When looking at the detail, it is easy to understand why the OCED reached such a damning conclusion. The EU-wide list is in fact nothing more than an aggregation of EU member states’ own tax blacklists. Any jurisdiction which is listed by ten or more member states makes the grade. However, the criteria for being placed on a national blacklist vary widely from one member state to another. Some member states do not maintain blacklists at all as a matter of policy – neither the UK or Germany list any jurisdictions.
A discussion paper published by the EU in October 2014 highlights the other pitfalls of using national blacklists: very few member states conduct a periodical review of their lists. For example, eight member states still list a jurisdiction (Netherland Antilles) which ceased to exist in October 2010. The measures applied to jurisdictions listed also differ from EU state to state, further emphasising the arbitrary nature of aggregating the national lists. Finally, although the EU list was published in June 2015, it was based on an assessment of the national lists as of December 2014.
What does it mean if a jurisdiction is described as a ‘non-cooperative’ tax jurisdiction?
As discussed, presence on the EU list of non-cooperative tax jurisdictions simply means that the jurisdiction appears on ten or more EU member states national tax blacklists – the criteria for which varies significantly. The most avid blacklisters are relatively small financial centres, such as the Baltic states.
Does this have any effect on advisers when considering the advice given to clients?

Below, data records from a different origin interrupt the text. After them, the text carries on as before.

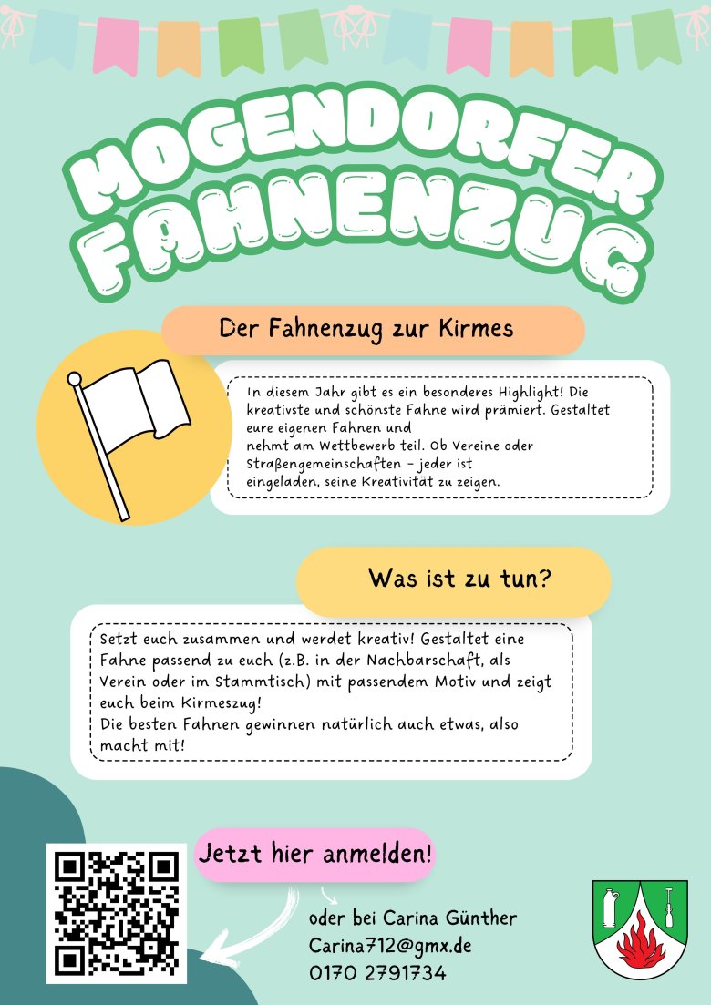 In diesem Jahr freuen wir uns über viele Gruppen, kleine und große, jung und alt, Nachbarn, Freunde, Vereine, die mit einer selbst gestalteten Fahne, passend zum Motto der Gruppe, zur Kirmes, zu Mogendorf o.ä. am Zug teilnehmen. Viele erinnern sich ganz bestimmt an den Kirmesumzug im Jahr 2011: viele Gruppen mit selbst gestalteten Bollerwagen (oder auch größeren), die bereits im Vorfeld beim Sammeln von Ideen und Herrichten der Wagen und auch während des Zuges großen Spaß hatten. Lasst uns hier anknüpfen, trefft euch, seid kreativ und fiebert dem Kirmessamstag entgegen. Die „schönste“ Fahne wird prämiert und die Sieger am Kirmessonntag geehrt.
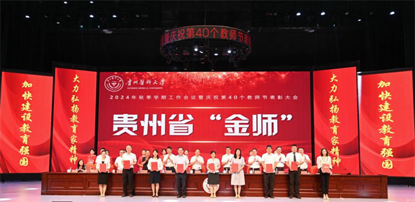 9月5日上午,贵州医科大学2024年秋季学期工作会议暨庆祝第40个教师节表彰大会在云漫湖校区隆重举行。会议全面总结学校2024年上半年工作,统筹安排部署下半年各项工作,表彰在教书育人各方面工作中取得突出成绩的先进集体和优秀个人。
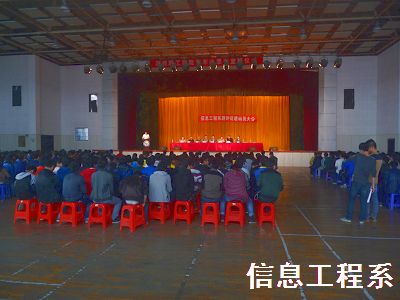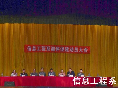 为了顺利迎接教育部第二轮人才培养评估工作,扎实有效地开展学院评估工作,2013年10月21日15时,信息系“迎评促建、真抓实干、打造信息工程系品牌形象”动员大会在食堂报告厅召开。学工保卫处处长宋乃冰、院团委书记罗美霞、教务处副处长刘炳良、信息系党总支书记田拥军、信息系党总支副书记张存彪、各专业带头人,以及全系师生出席了会议。
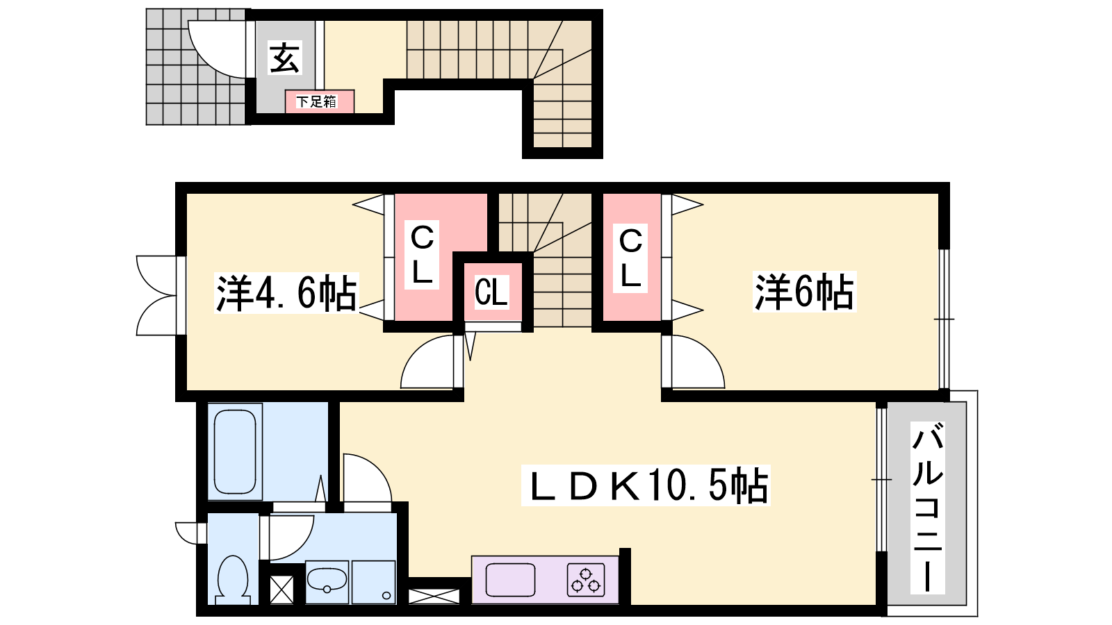 - LDK10.5帖、洋室6帖、洋室4.6帖
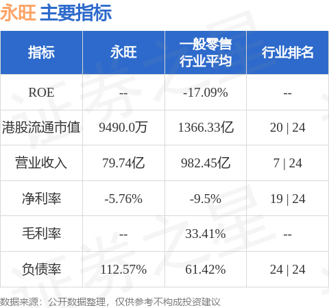 永旺港股市值9490万港元,在一般零售行业中排名第20。主要指标见下表:
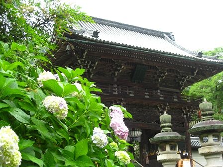 アジサイと仁王門
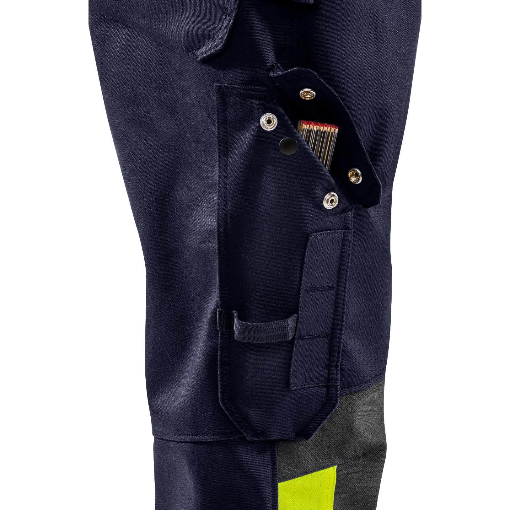 Fristads Flame Retardant Welding Coverall 8044 - WEL Navy/Hi-Vis Yellow Detail2#colour_navy-hi-vis-yellow
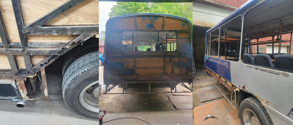 Our “offseason” is often filled with small projects for the vehicles peppered into calendar gaps around our Summer Event schedule. Last Summer, some small projects turned into larger ones. One example is our lengthy bus rust repairs. What started as repairing a few rust spots turned into a complete replacement of body panels and the underlying attachment grid with aluminum instead of steel. A budget of $3000 ballooned to $12,000 with paint and lettering.
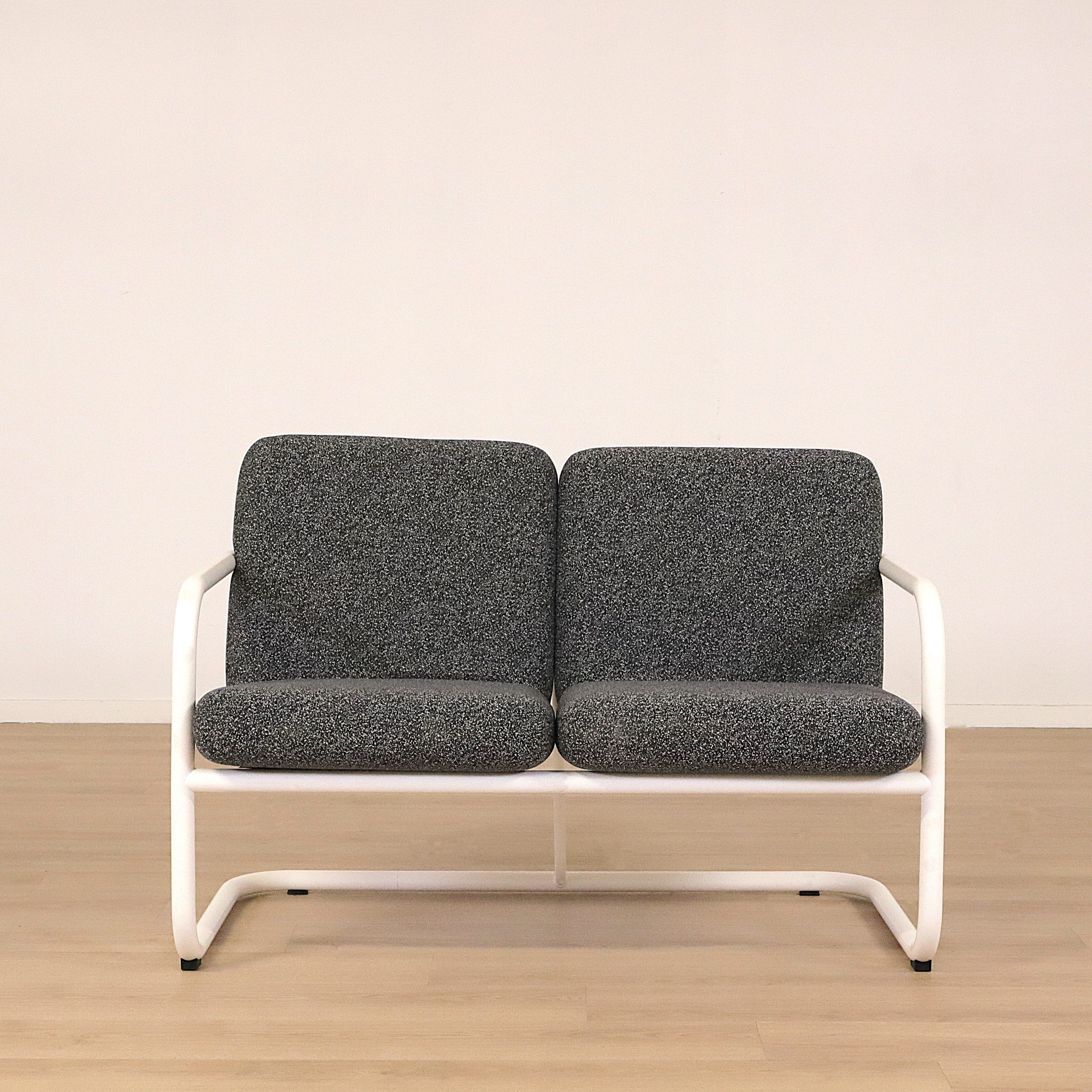 Soffan har en stadig stomme av pulverlackat stål samt dynor klädda i mörkt melerade toner.
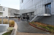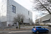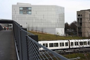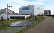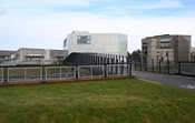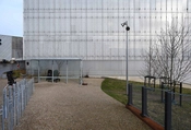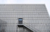 Selve bygningen er femkantet og af dens seks etager er de to underjordiske, begravet under bakkens bløde side. Facaden glinser heller ikke af rislende vand, men dens beklædning får det til at se sådan ud.
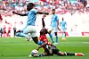 Aaron Wan-Bissaka i kjent positur. Her setter han inn en takling mot Jeremy Doku i FA-cupfinalen.Getty Images Sport
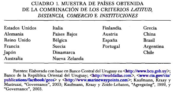 La definición del grupo de países con los cuales contrastar la trayectoria económica de Uruguay durante el siglo XX no es trivial. Cuatro son los criterios empleados en este trabajo para construir la muestra de países con los cuales se compara el desempeño económico de largo plazo de Uruguay: la latitud en la que están ubicados los países (latitud), la distancia de centros económicos mundiales dinámicos (distancia), la importancia relativa del país en el intercambio comercial con Uruguay en el periodo 1961-2001 (comercio) y la calidad de las instituciones (instituciones).
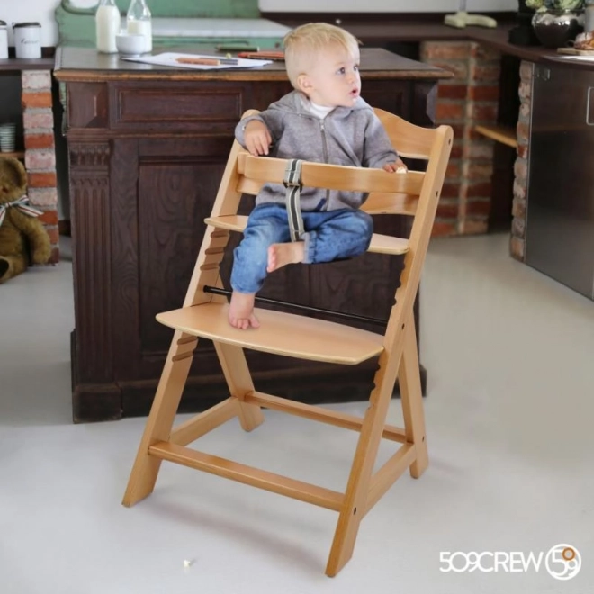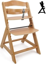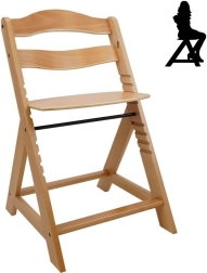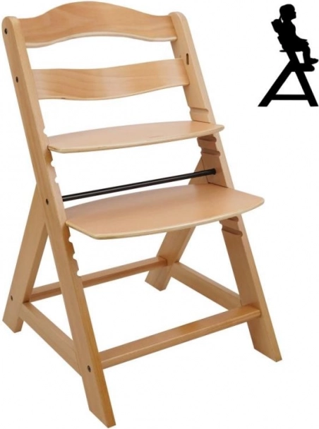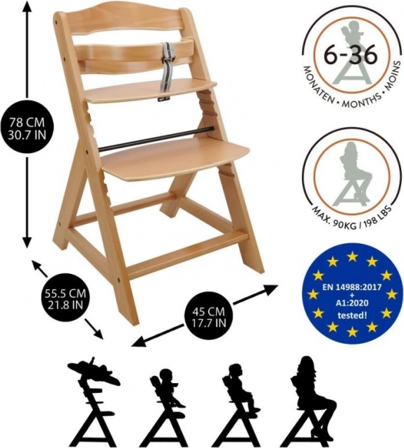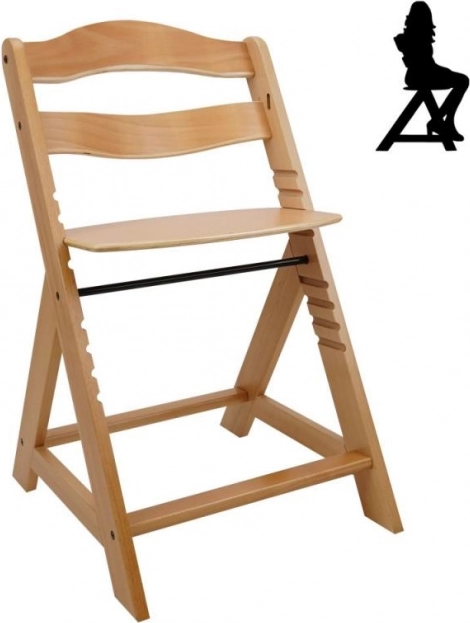 Drevená rastúca jedálenská stolička je navrhnutá pre maximálne pohodlie a bezpečie detí od šiestich mesiacov. Je vybavená viacstupňovým nastavením výšky sedadla a opierky nôh, takže môže slúžiť od raného veku až po dospelosť. Pri dosiahnutí staršieho veku je možné prednú tyč a rozdelenie rozkroku zložiť a stolička môže byť premenená na normálnu stoličku. Je vyrobená z kvalitného nemeckého bukového dreva a poskytuje stabilitu a eleganciu. Jej maximálna nosnosť je až 90 kg.

Appearance on the EU blacklist does not have any direct consequences in itself. However, there are likely to be indirect consequences. Such lists and the associated publicity that goes with them can impact public perception. They can also feed into risk assessments by other jurisdictions and financial institutions that lack the resources to carry out their own detailed assessments of a jurisdiction’s tax governance. In this particular case, the significant shortfalls in the Commission’s process and the widespread criticism from the likes of the OECD should limit the impact.
What are the risks for clients when getting involved with these jurisdictions?
All clients should ensure that their interests comply with relevant legislation and regulation wherever they are conducted. In an age of increasing transparency, clients must be able to understand (or at the very least have trusted advisers that fully understand) the tax consequences of any action they take. That approach applies for any cross border activity, but if the activity is properly managed, the risks are no greater in a reputable offshore jurisdiction than when conducting business in any other jurisdiction.
What effect does the blacklist have on efforts to tackle tax evasion?
There have been many initiatives over the past few years that are making real demonstrable progress in the tackling of tax evasion. The EU’s blacklist is just not one of them. The shortfalls in the process are too great for the list to have any credibility beyond a tabloid headline.
Furthermore, it undermines progress made by the better established and advanced international finance centres, such as the British Virgin Islands, Cayman Islands and the Crown Dependencies, to meet global tax and anti-money laundering standards.
The publication of the Commission list looks particularly self-serving and unfortunate at a time when some EU member states themselves have failed to meet those international standards.